The 7-question checklist that separates good installers from the rest

Start here. Ask every fence contractor these, write down the answers, and you’ll spot the pros fast.

  • 1) Are you licensed in Indiana and insured? You want the contractor’s Indiana license number and a current certificate of insurance (liability and workers’ comp) with your address on it. We’re licensed and insured. If a fence company in Indianapolis dodges this or says “We don’t need that,” you don’t need them.
  • 2) What post system do you use, and how deep? Posts are the entire game in our clay and freeze–thaw. In central Indiana, frost line runs about 32–36 inches. We drive galvanized steel posts 42–48 inches deep (no concrete), which holds in Indianapolis clay and drains instead of heaving. If an installer is still digging 24–30 inch holes and hand-mixing concrete, expect leaning in a couple of winters. Here’s more on fence post depth in Indiana clay.
  • 3) Who actually runs my job on-site? Quotes are easy. Supervision is hard. Ask who is physically there, every day, with authority to make calls. I’m Dave Rogers, owner-operator of Get Fenced! I install with my crew and supervise every Indianapolis build. No disappearing subcontractors.
  • 4) What’s the deposit and payment schedule? Reasonable: 10–30% to secure materials/schedule, progress on delivery, balance on completion. Red flags: 50%+ up front, “cash price only,” or “we’ll swing by for the rest later.” Our schedule: 15% to schedule, 35% when materials are staged on-site, 50% at final walkthrough.
  • 5) What’s the warranty—and what voids it? Get it in writing. Workmanship is the piece that matters. We cover 5 years on workmanship (posts, rails, gates staying plumb and swinging right). Materials follow manufacturer specs for vinyl, aluminum, and steel. Wood is wood—it moves—but proper post systems and design keep it straight.
  • 6) Can I drive past a few recent jobs this week? Not a photo album—addresses. In Indy we’ll give you two or three within 15–20 minutes (Broad Ripple, Fishers, Avon, Irvington). Fences should sit straight, gates latch, and posts feel solid. If a contractor can’t give you drive-bys, that tells you plenty.
  • 7) What exactly is included in the quote? You want specifics: post type/gauge and depth, rail size and count, picket thickness and spacing, gate hardware brand, number/width of gates, how removal/haul-off works, utility locates, permits, HOA docs, rock or root contingencies, and a start/finish window. Most “too-good-to-be-true” quotes skip these because they plan to change-order you later.

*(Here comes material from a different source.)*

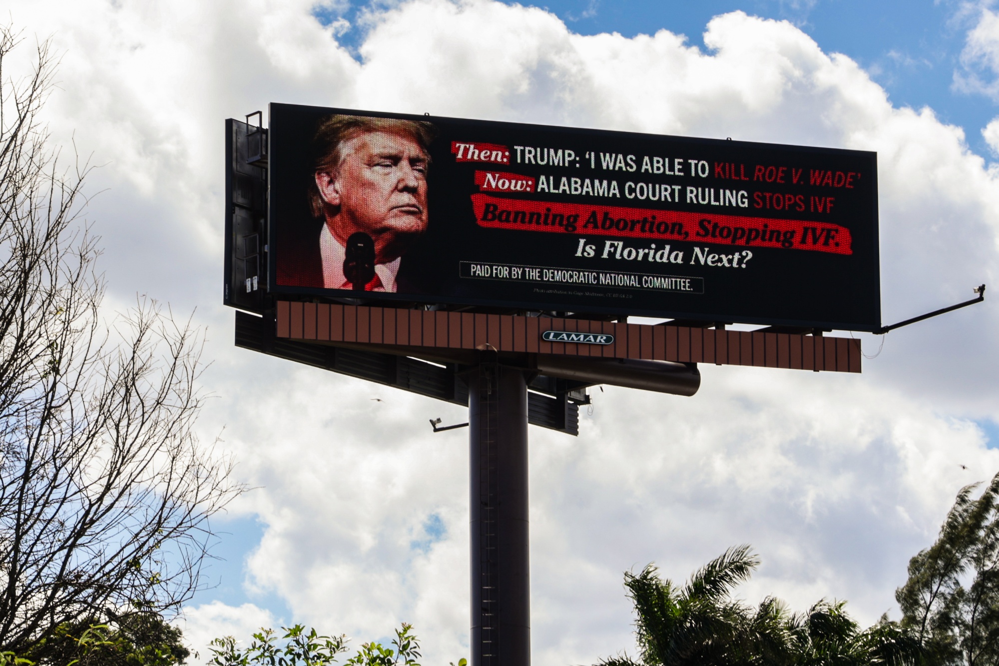 由民主党全国委员会赞助的广告牌,于2月27日在迈阿密市看到。摄影师:约翰·帕拉/盖蒂图片社“这是激励选民的最大问题之一 — 女性、男性,所有性别,”Swing Left的政治和战略负责人丹·卡利克说,该组织专注于支持关键州的民主党人。“这激励了志愿者,将在民主党需要赢得所有核心州的选票中发挥巨大作用。”

If a quote doesn’t spell out how the posts are set, don’t sign it.

If you’re comparing options for fence installation in Indianapolis, that checklist will knock half your list out in one phone call.

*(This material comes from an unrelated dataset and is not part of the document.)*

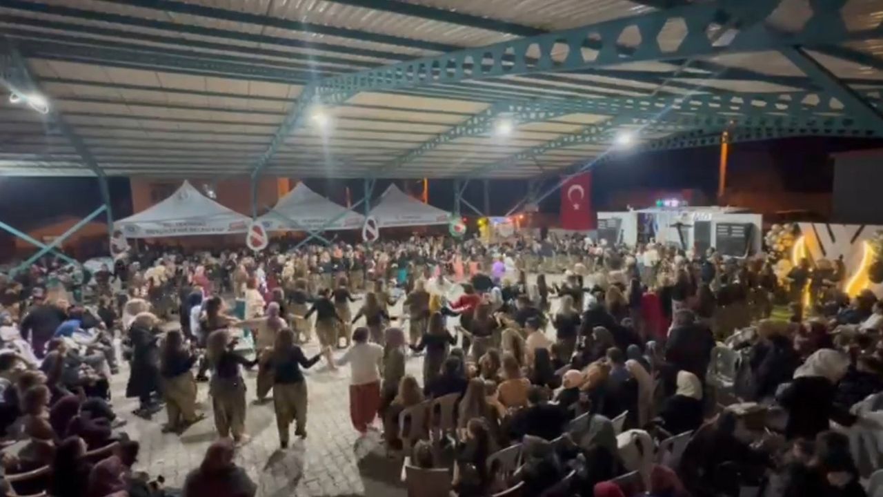 Şalvarlarını giyen kadınlar, davul zurna eşliğinde gece boyunca eğlendi, uzun halay kuyrukları oluşturdu.
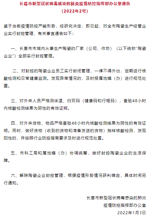 【河南长葛全域陶瓷生产企业实施封控管理】

Common Indianapolis fence scams (and how they work)

I wish this section wasn’t necessary. Indy homeowners get more bad fence quotes than anywhere else we see in Indiana. Here’s what keeps popping up:

  • “We can beat any price” with no post spec. Low quote, zero details. They set shallow posts in wet clay with bagged concrete and a post level. Looks fine day one. Two winters and it’s a picket porcupine.
  • “Material upgrade” games. You thought you were getting cedar; they show up with treated pine. Or “vinyl privacy” turns out to be a thin, knockoff panel without internal aluminum stiffeners. If it’s not in writing, it’s optional—by their definition.
  • Big deposits, smaller exits. Contractor takes 50% up front, disappears, or strings you along for months while “suppliers catch up.” If you wanted a disappearing act, you’d go to a magic show, not hire a fence contractor.
  • Change-order traps. Quote skips removal, rock, or utility trench crossings. Once the yard is torn up, “that’ll be another $1,200.” Proper proposals list these as line items with pricing.
  • No 811 locate and no permits. Hitting irrigation, cable, or electric happens when crews rush. In Marion and Hamilton counties, ignoring permits/HOA approvals gets you fines and do-overs. Your contractor should coordinate 811 and tell you what your HOA wants before day one.
  • Concrete + clay = heave city. In our Wabash River valley clay (and the same glacial clay that stretches across Indy), concrete plugs hold water and frost-jack posts up. Driven steel lets moisture drain. Old-school doesn’t mean best-school.

Good companies won’t bluff through any of this. They’ll show you their system, their insurance, and a couple of fences you can go look at today.

The post is the fence: Indiana clay, frost, and why we drive steel

We install plenty of fences that look nice. They stay nice because the posts are right. Indianapolis soil is mostly compacted clay with pockets of fill. Combine that with a 32–36 inch frost line and an honest freeze–thaw cycle, and this is what you get:

  • Shallow-set posts ride up every winter as water around the concrete plug freezes and expands.
  • Concrete bowls trap water instead of letting it drain, so the post rots or the plug heaves.
  • Gates sag because the hinge posts loosen while the latch posts shift the other way.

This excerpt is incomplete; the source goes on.